* [PROBLEM DESCRIPTION]
Pictures stay out of the copy. Retype exactly, and only, the lines from the one containing "3. Sulata hyytelö." through the end of the listing below.

* [GIVEN INFORMATION]
———
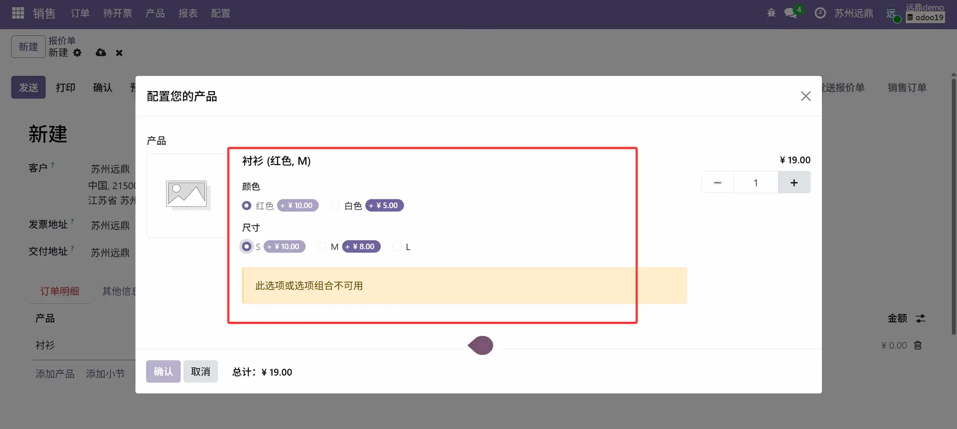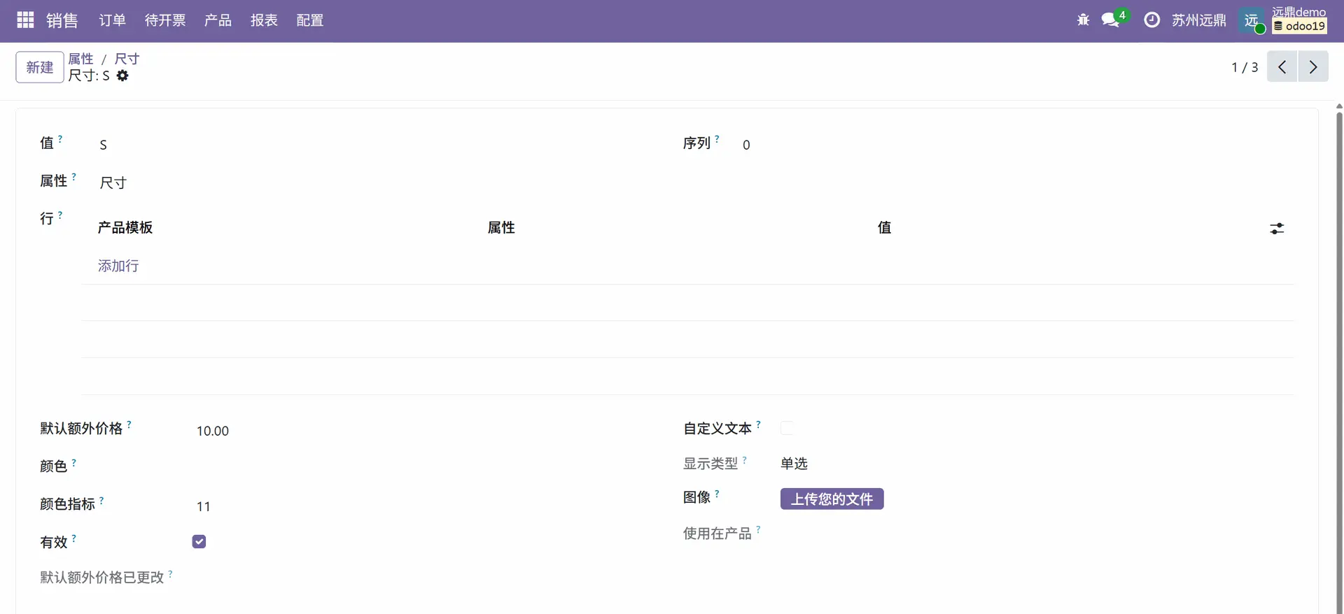 产品变体(Variant) 则是由一组特定属性值组合而成的产品具体配置。代表某一 “属性值集合对应的产品实例”。例如,“红色、中号、棉质的衬衫”,就是 “衬衫” 这款产品的一个变体。在 Odoo 19 中,用户可先创建产品属性,再基于属性配置出不同的产品变体。
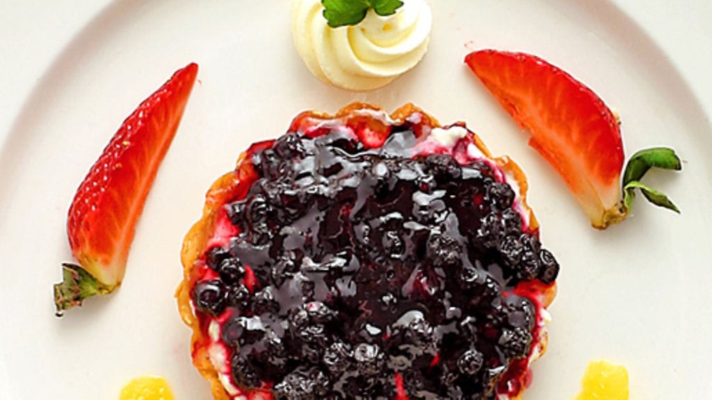 3. Sulata hyytelö. Täytä taikinakuoret sitruunakermalla ja levitä sen päälle mustikat. Sivele lämpimällä hyytelöllä ja anna sen hyytyä.
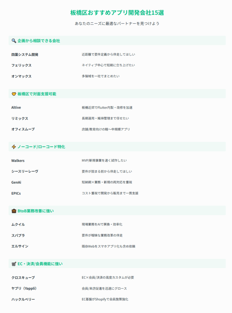板橋区でアプリ開発を検討している企業や個人事業主の皆さまに向けて、おすすめの開発会社を厳選してご紹介します。板橋区に拠点を構える地元密着型の会社から、最新のノーコード技術を活用する先進的な企業まで、様々な特徴を持つ16社をピックアップしました。
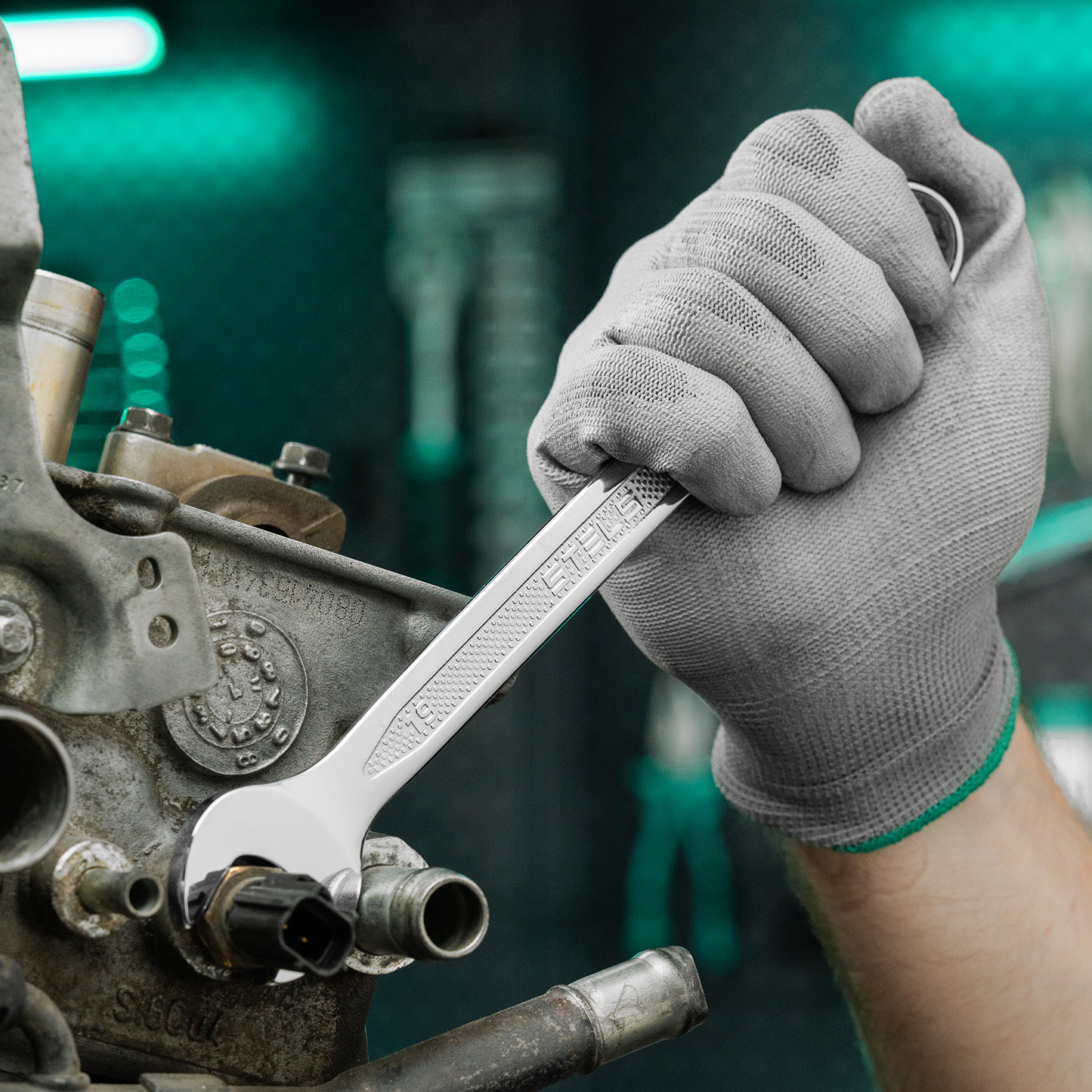- Надежный хват — благодаря рельефной поверхности ключ не скользит в руке.
———
* [TASK ANSWER]
 3. Sulata hyytelö. Täytä taikinakuoret sitruunakermalla ja levitä sen päälle mustikat. Sivele lämpimällä hyytelöllä ja anna sen hyytyä.
板橋区でアプリ開発を検討している企業や個人事業主の皆さまに向けて、おすすめの開発会社を厳選してご紹介します。板橋区に拠点を構える地元密着型の会社から、最新のノーコード技術を活用する先進的な企業まで、様々な特徴を持つ16社をピックアップしました。
- Надежный хват — благодаря рельефной поверхности ключ не скользит в руке.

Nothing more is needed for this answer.